» Description of the task
Your job is to print, exactly, the lines in the data below from the line with "<B>Norwich, CT</B></I> - $1" through the line with "csatokkal • meghosszabbítható szárhossz", both included, and to omit any picture.

» Excerpted data
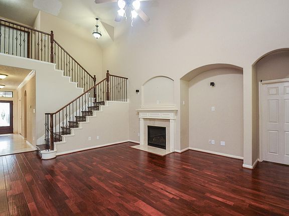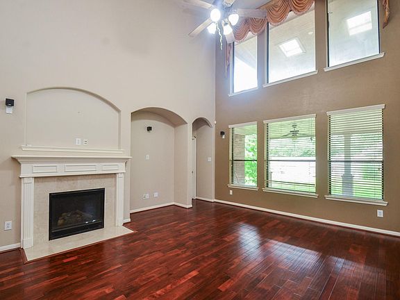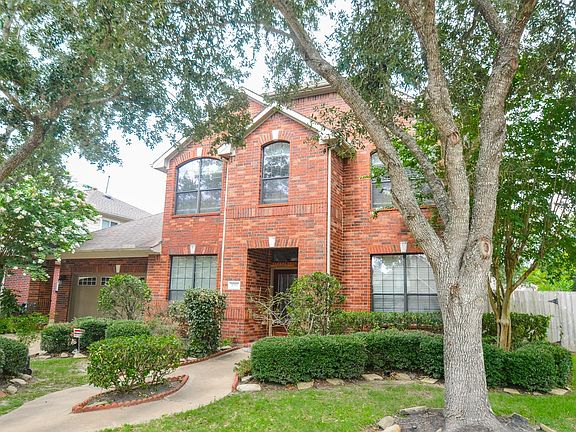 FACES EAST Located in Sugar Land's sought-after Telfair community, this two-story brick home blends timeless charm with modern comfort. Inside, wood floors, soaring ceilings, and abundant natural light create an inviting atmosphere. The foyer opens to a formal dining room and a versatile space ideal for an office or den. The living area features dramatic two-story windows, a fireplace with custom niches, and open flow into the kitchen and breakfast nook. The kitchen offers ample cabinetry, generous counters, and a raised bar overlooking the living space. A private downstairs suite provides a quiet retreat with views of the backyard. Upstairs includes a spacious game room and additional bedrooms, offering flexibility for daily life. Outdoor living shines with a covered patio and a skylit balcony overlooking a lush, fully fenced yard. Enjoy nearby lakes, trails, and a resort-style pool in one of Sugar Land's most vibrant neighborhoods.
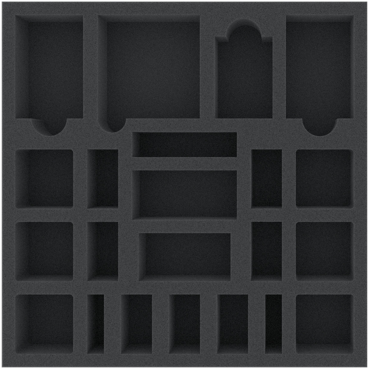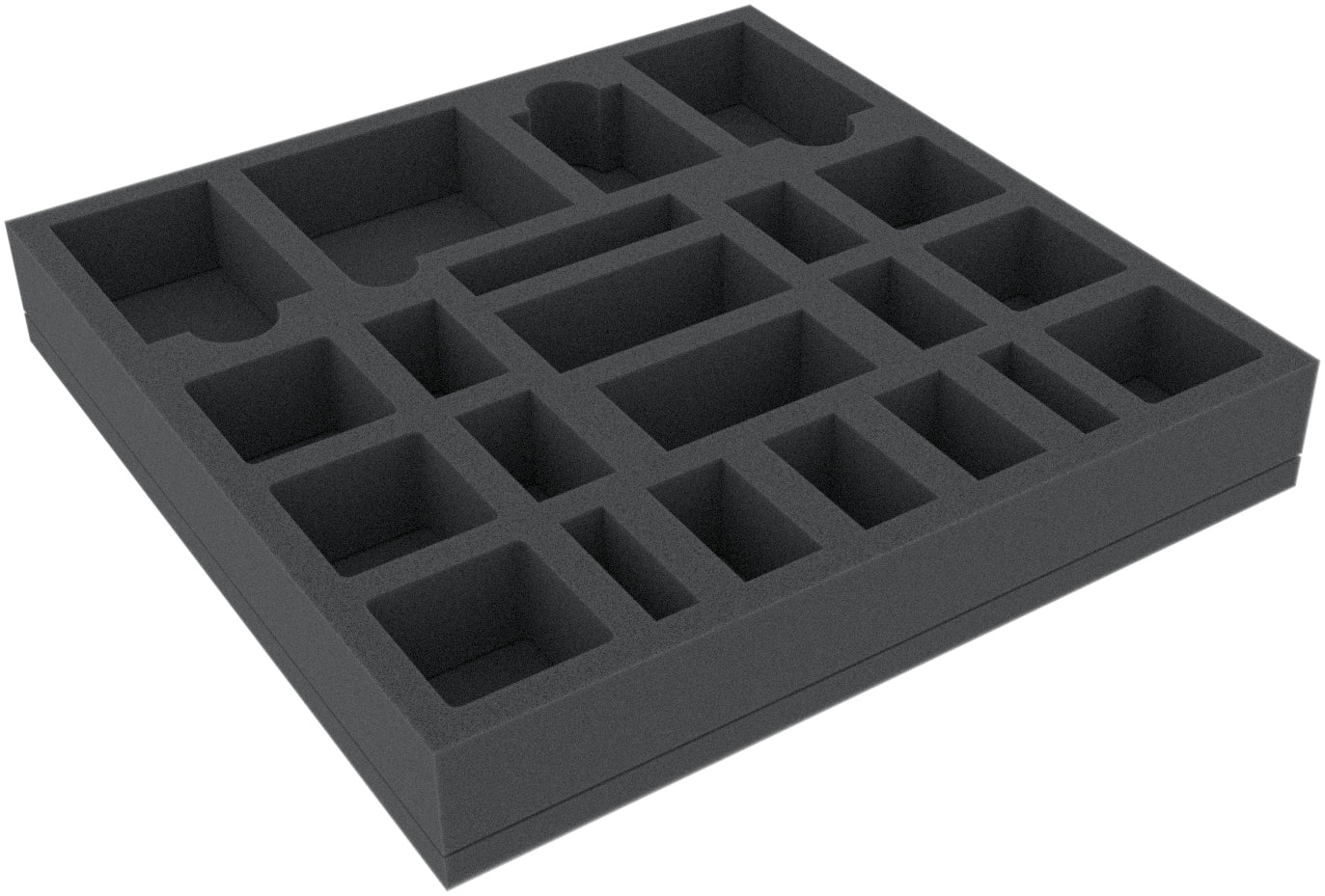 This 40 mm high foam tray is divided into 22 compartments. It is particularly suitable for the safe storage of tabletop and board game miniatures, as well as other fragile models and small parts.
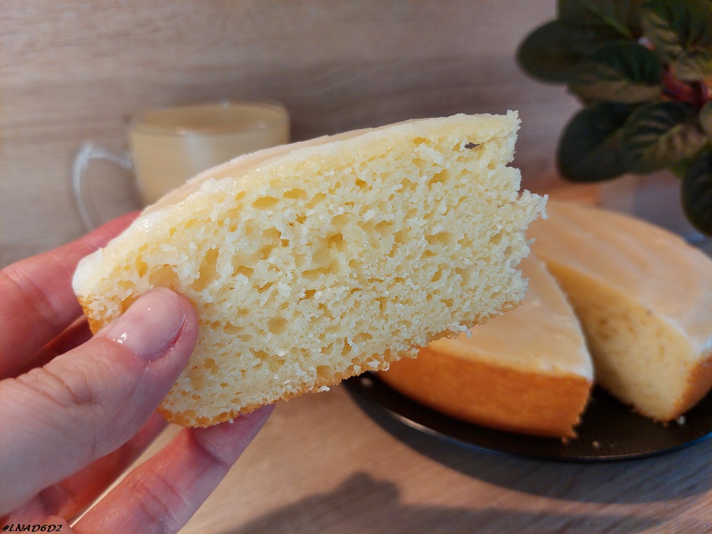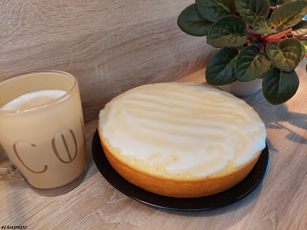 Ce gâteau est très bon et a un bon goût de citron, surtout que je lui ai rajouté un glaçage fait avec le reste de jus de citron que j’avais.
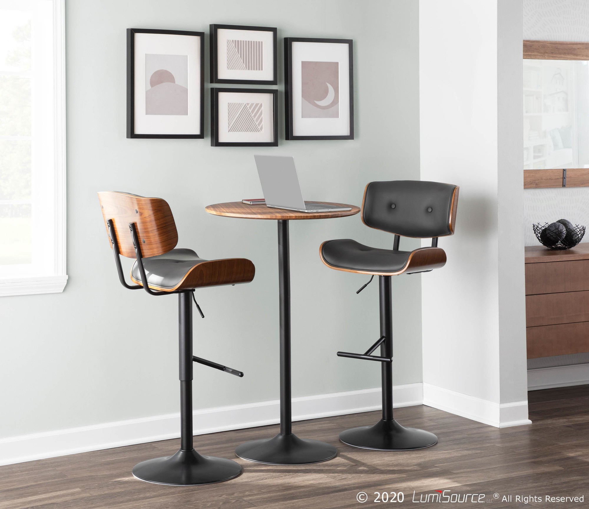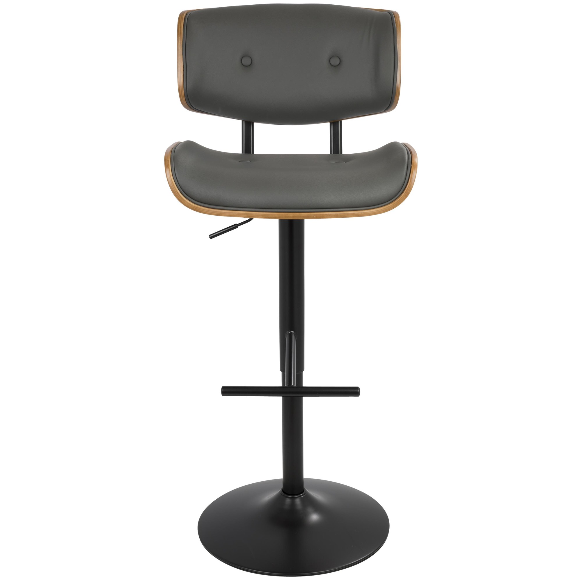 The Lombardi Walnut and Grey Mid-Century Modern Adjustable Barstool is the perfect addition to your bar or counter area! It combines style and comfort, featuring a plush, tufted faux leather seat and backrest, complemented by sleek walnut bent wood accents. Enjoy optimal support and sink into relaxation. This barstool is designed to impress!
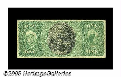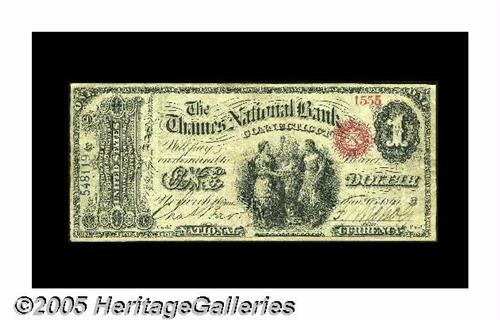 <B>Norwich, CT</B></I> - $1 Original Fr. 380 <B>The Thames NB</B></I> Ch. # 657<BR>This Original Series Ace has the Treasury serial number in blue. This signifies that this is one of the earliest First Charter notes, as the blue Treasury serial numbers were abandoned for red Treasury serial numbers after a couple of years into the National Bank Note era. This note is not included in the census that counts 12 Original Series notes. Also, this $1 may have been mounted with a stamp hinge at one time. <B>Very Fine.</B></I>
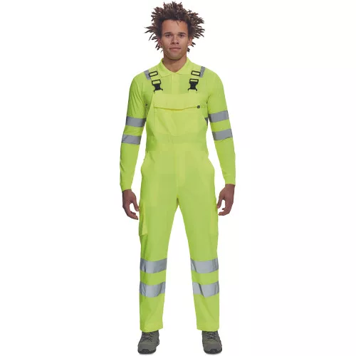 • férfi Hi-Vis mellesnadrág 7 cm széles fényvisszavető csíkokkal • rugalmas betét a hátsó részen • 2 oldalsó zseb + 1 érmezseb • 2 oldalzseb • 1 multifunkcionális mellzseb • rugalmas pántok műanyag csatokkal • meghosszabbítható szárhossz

==

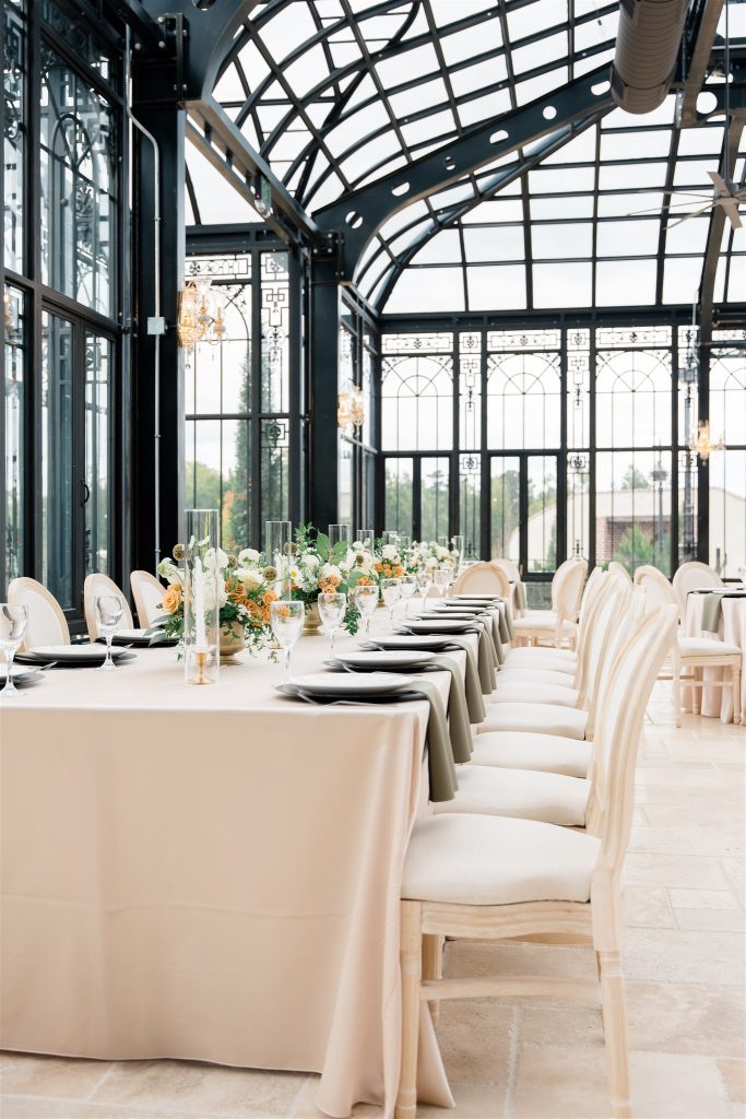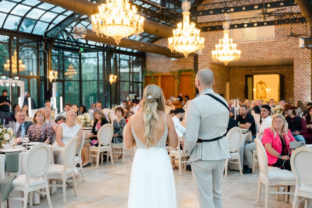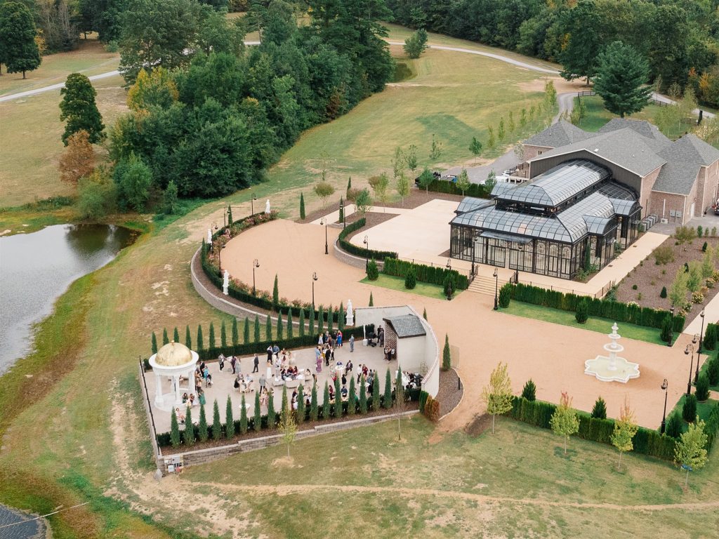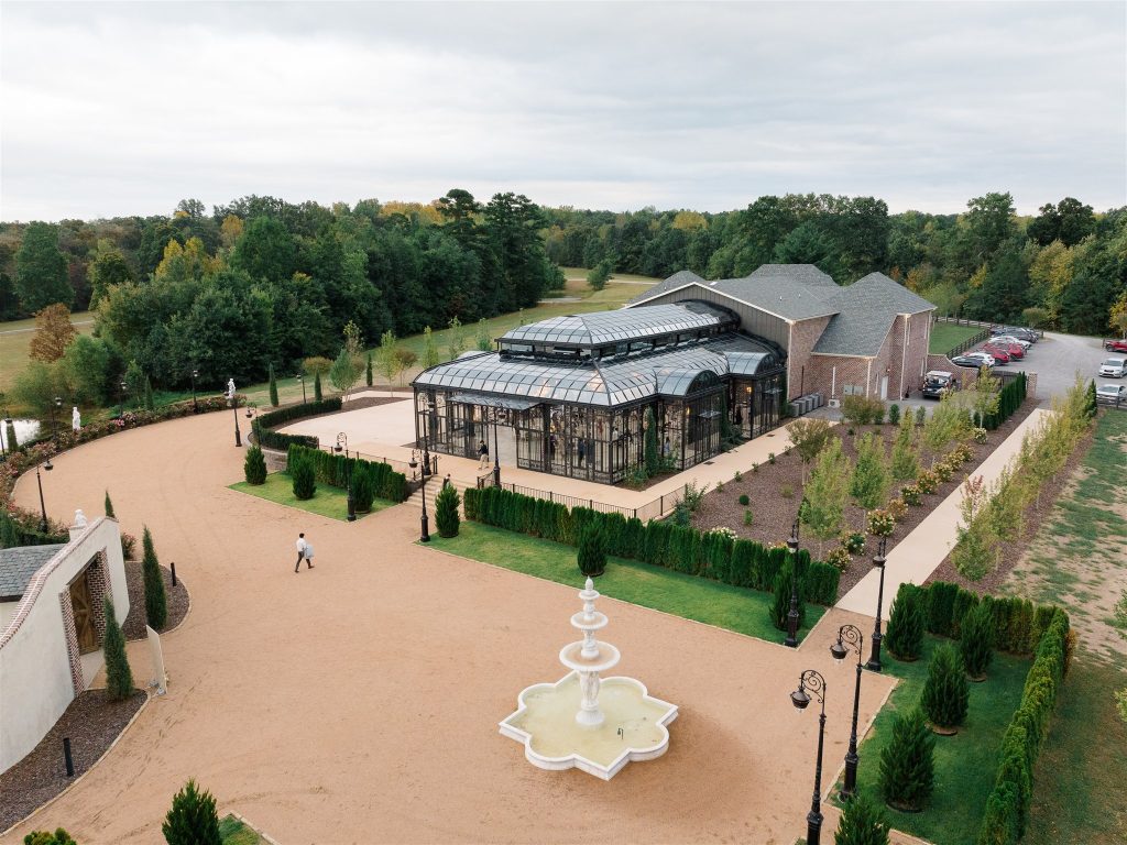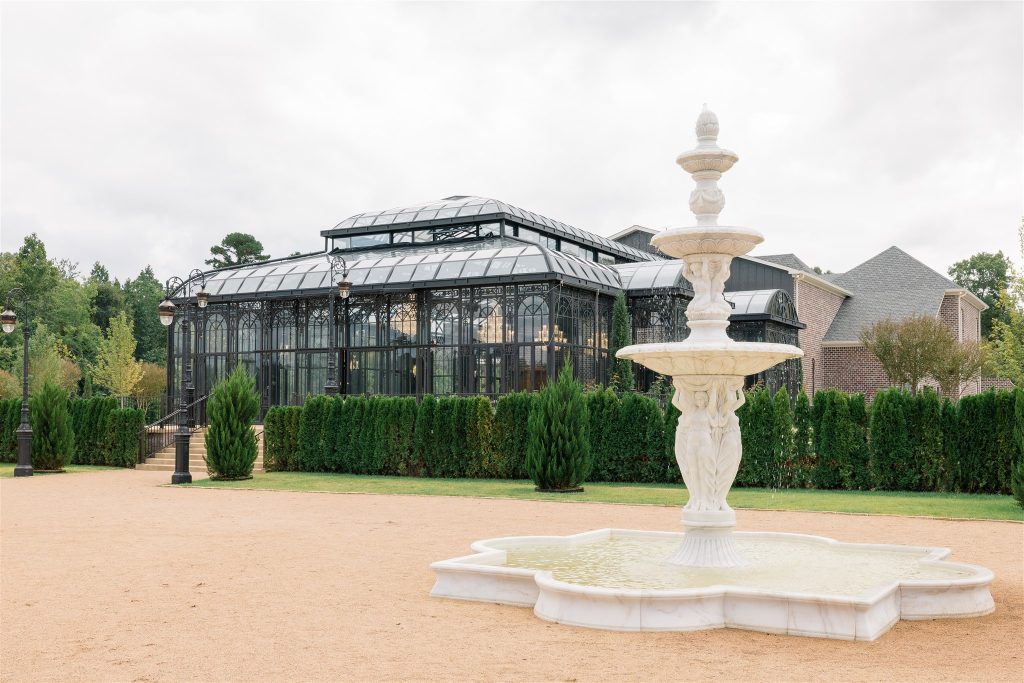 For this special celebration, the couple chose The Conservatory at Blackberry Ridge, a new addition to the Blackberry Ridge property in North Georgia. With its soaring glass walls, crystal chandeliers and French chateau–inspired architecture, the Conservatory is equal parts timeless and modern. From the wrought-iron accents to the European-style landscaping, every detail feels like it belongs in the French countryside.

...

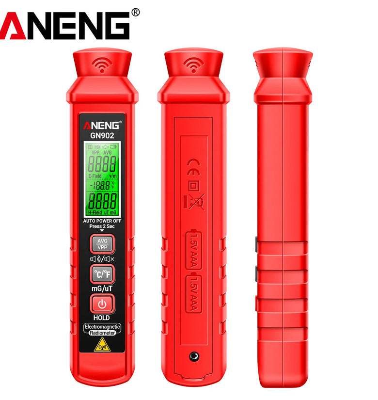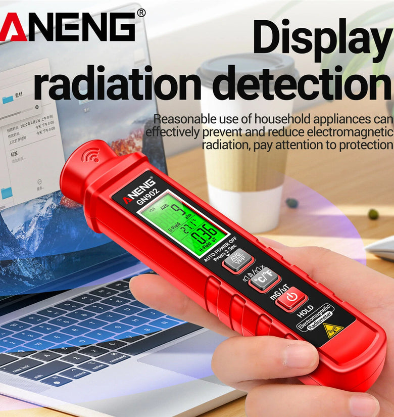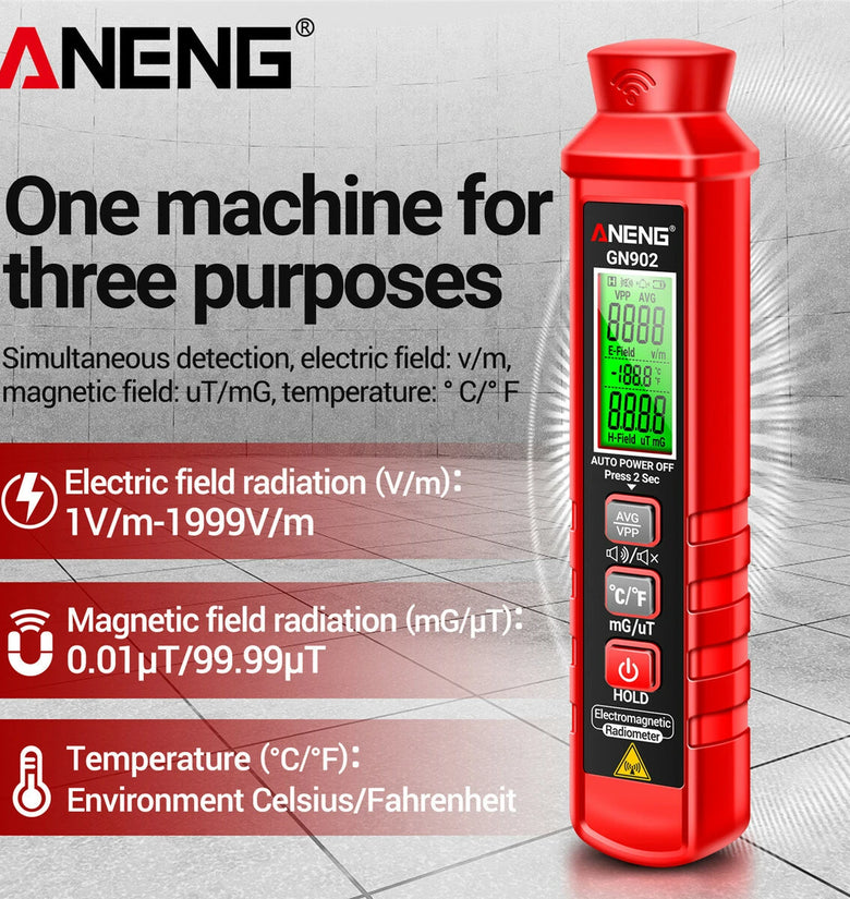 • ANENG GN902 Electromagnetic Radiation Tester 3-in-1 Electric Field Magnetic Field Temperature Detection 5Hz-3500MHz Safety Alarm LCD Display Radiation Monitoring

» Task answer
 <B>Norwich, CT</B></I> - $1 Original Fr. 380 <B>The Thames NB</B></I> Ch. # 657<BR>This Original Series Ace has the Treasury serial number in blue. This signifies that this is one of the earliest First Charter notes, as the blue Treasury serial numbers were abandoned for red Treasury serial numbers after a couple of years into the National Bank Note era. This note is not included in the census that counts 12 Original Series notes. Also, this $1 may have been mounted with a stamp hinge at one time. <B>Very Fine.</B></I>
 • férfi Hi-Vis mellesnadrág 7 cm széles fényvisszavető csíkokkal • rugalmas betét a hátsó részen • 2 oldalsó zseb + 1 érmezseb • 2 oldalzseb • 1 multifunkcionális mellzseb • rugalmas pántok műanyag csatokkal • meghosszabbítható szárhossz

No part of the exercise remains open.